The 2008 Solihull Metropolitan Borough Council election took place on 1 May 2008 to elect members of Solihull Metropolitan Borough Council in the West Midlands, England. One third of the council was up for election and the Conservative Party gained overall control of the council from no overall control.

Campaign
17 seats were contested in the election, with the Conservatives, Liberal Democrats, Labour and Green parties contesting every ward. The British National Party had 12 candidates, up from 5 in the 2007 election, the United Kingdom Independence Party stood 9 candidates and the sole Independent stood in St Alphege, having previously won a seat there in a 2005 by-election for the Conservatives. Among those standing were Jim Ryan, defending Bickenhill as a Conservative, having previously won it as an Independent after over twenty years of being a Labour councillor there, Howard Allen returned to the Liberal Democrats to defend his seat in Shirley West, after time as an Independent and Peter Hogarth in Silhill where he had lost his seat in 2007. Meanwhile, 2 councillors stood down at the election, Conservative Susan Gomm and Liberal Democrat June Gandy from Silhill and Shirley East wards respectively.
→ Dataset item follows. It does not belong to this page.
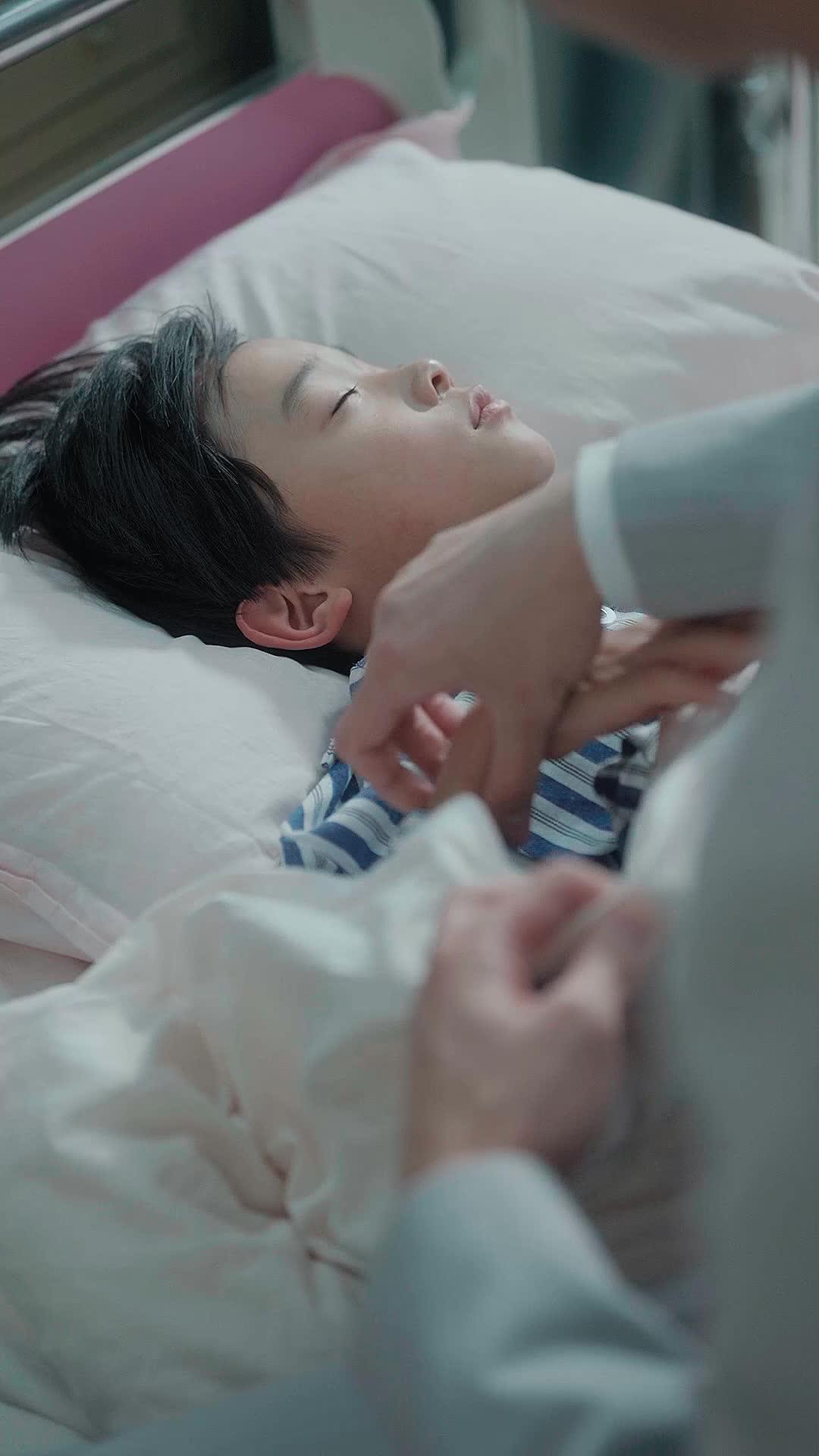 The boy—let’s call him Kai, though the film never names him outright—lies still, chest rising and falling like a tide too weak to reach shore. His striped pajamas are rumpled, his hair damp at the temples. He’s not unconscious; he’s conserving energy, retreating inward, the way children do when the world feels too loud, too sharp. Liang Wei sits beside him, sleeves rolled to the forearm, tie loosened just enough to suggest he’s been here longer than protocol allows. He’s not scrolling his phone. He’s not checking emails. He’s watching Kai’s eyelids flutter, counting seconds between breaths, memorizing the exact angle of his jaw when he sleeps. This isn’t performance. This is pilgrimage. And when Xiao Man finally steps inside, he doesn’t look up immediately. He waits. Lets her settle into the silence. Lets her feel the weight of what she’s interrupted.

The Conservatives had lost their majority on the council at the 2007 election but continued to run it as a minority administration. During the campaign the Conservative party leader David Cameron visited Solihull, saying that the council was well run under the Conservatives and that they were hopeful of making gains. The Liberal Democrats criticised the record of the council on recycling, said they would create more activities for young people to take part in and called for the Liberal Democrats to be represented in the council's cabinet. Meanwhile, Labour said its councillors had a strong impact on the council and had been involved in getting the regeneration project for northern Solihull started.

Election result
The results saw the Conservatives regain a majority on the council after making 2 gains. The Conservatives gained Kingshurst and Fordbridge from Labour and Blythe from the Liberal Democrats, while Jim Ryan was re-elected as a Conservative in Bickenhill. This meant the Conservatives took a 1-seat majority with 26 of the 51 councillors, although they did lose 1 seat to the Liberal Democrats in Elmdon.
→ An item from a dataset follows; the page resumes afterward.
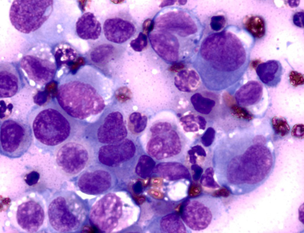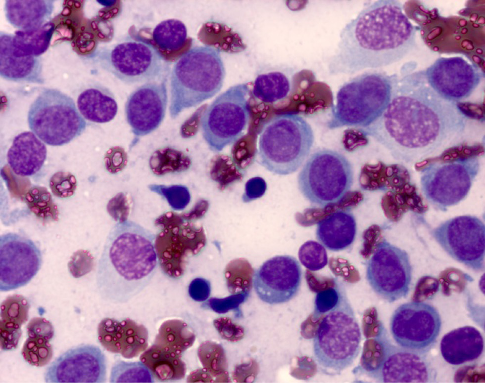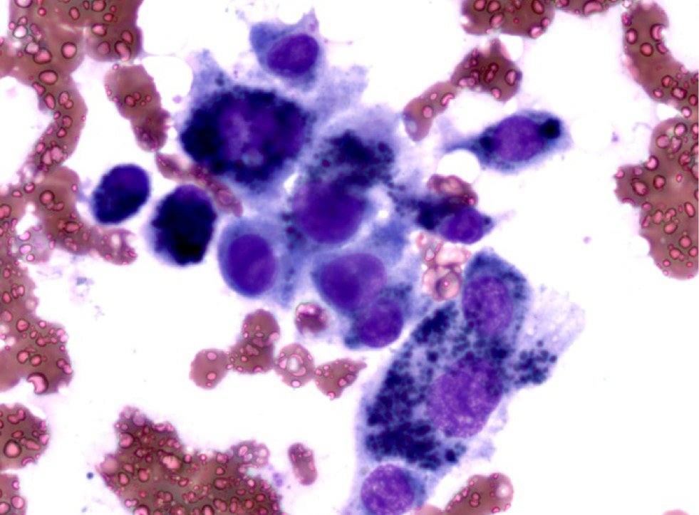 Рис. 1. Тонкоигольная пункционная биопсия лимфатического узла. Эпителиоидноклеточная меланома. Окрашивание по Паппенгейму, ×1000.

Meanwhile, the Green party won a first seat on the council after winning Smith's Wood ward by 331 votes. The Green's Mike Sheridan defeated the Labour leader on the council, Hugh Hendry, who had been a councillor for 18 years. Sheridan thus became the first Green councillor in the West Midlands conurbation and one of only 4 in the whole Midlands, after a campaign that he said focused on regeneration and preserving green space.

This result had the following consequences for the total number of seats on the council after the elections :

Ward results

References

2008
Solihull
2000s in the West Midlands (county)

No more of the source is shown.